I turn to grab my chemistry book and slam my locker shut, not bothering to hide my disappointment. "The crazy part is, he didn't even think twice about staying with me. I just want to know what I di-" 

"What did I tell you about blaming yourself? He's an ass and should have never left you, got it?"

I reluctantly nod and fall into step beside her. I still can't stop the wheels spinning in my head as I wonder what happened the other night. I tried calling yesterday but none of them picked up, which was a first. Zane always answered. I also couldn't help but notice that none of them made it to school today. I didn't know if I should be worried or was just being paranoid. I walk into fourth period and make a mental note to swing by the penthouse later. 

I notice Gwen's uneasiness and steer her to the front row, the farthest seat away from Chase. I had two classes with him but luckily for Gwen, she only had one. He always sat in the back with his friends so he could do everything but work without Mrs. Whitlock noticing. I look over at Gwen and see her trying to concentrate with her pen and notebook in hand. Her shaky hands grip the pen so hard I think it might snap as she attempts to write down something Mrs. Whitlock says. 

I can feel Chase burning a hole in the back of my head as I rest Gwen's head on my lap and lightly stroke her hair, soothingly. I throw up the middle finger as soon as Mrs. Whitlock turns her back and hear a low growl grouped with a couple laughs.
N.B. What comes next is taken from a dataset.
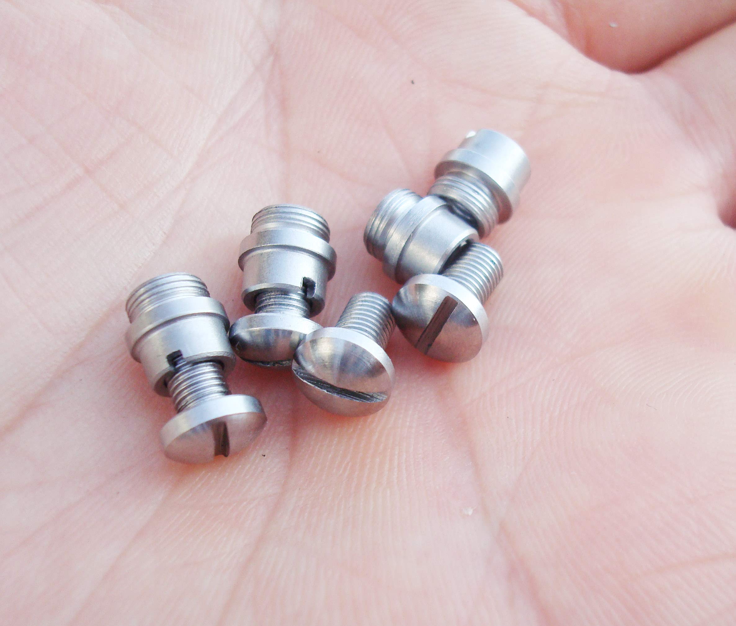 New set of 4 grip screw bushings and 4 grip screws. These are made with top quality stainless steel and close machining tolerances Fits 1911 M1911 Clones 1911A1 and other standard 1911 .45 .38 Precision 1911 Parts: Proudly made, treated and finished for yours 1911 Industries Pro Series 1911 Grip Screws with Bushings Kit. These premium parts are precision CNC machined from solid stainless steel bar stock, heat treated The parts come as pictures, 8 pieces (4 grip screws and 4 bushings). These high quality 1911 grip screws and bushings will work with all standard 1911 models, both full size (government and commander) and compact, and quality clones. THESE ARE PRECISION PARTS, PROUDLY MADE, TREATED AND FINISHED! WE ARE DEDICATED TO PROVIDING ONLY THE FINEST PARTS POSSIBLE.

If he had something to say, he could say it to my face. I wasn't scared of Chase and I wouldn't start now. 

The rest of the period goes by surprisingly steady and as soon as the bell rings Chase practically sprints out of the room as if his pants are on fire. We wait a couple seconds to make sure we won't run into him before packing our things and heading towards the parking lot. 

"He can't even stand being in the same room as me." Gwen cries as soon as we reach her pink and black McLaren. It was still sleek and shiny from sitting in her garage everyday. Chase drove her everywhere. She never needed it. 

I wrap my hands around her and squeeze her a bit. "Just give him time." 

"Time? He's never going to forgive me." Her tears soak my shirt and I hold her at arms length, getting a good look at her face. It wasn't until then that I realized something. She was in love with him. Like head over heels in love with him. Gwen has never been serious about a guy in her life but now that I think about it she's been overly happy since she met him. 

I never got what it was about him but maybe it wasn't for me to get. God, this whole time iv'e spent every second I can, telling her how much of an asshole he is. Why couldn't I just be happy for her? Tell her I supported her? I didn't have to like him but she was my best friend. If she was happy that's all that mattered.

"You really love him, don't you?" I ask, hesitantly. Gwen laughs and digs in her purse for some tissue. 

"Well, i'm not crying over nothing." She dabs at her face with the thin tissue, tucking it back in her purse. I knew she was just trying to lighten the mood but that was all the confirmation I needed. 

"We are partying tonight." I quip, enthusiastically. She'd always told me that the way to get over someone was to get under someone so let's just say that I was going to be an amazing wingman.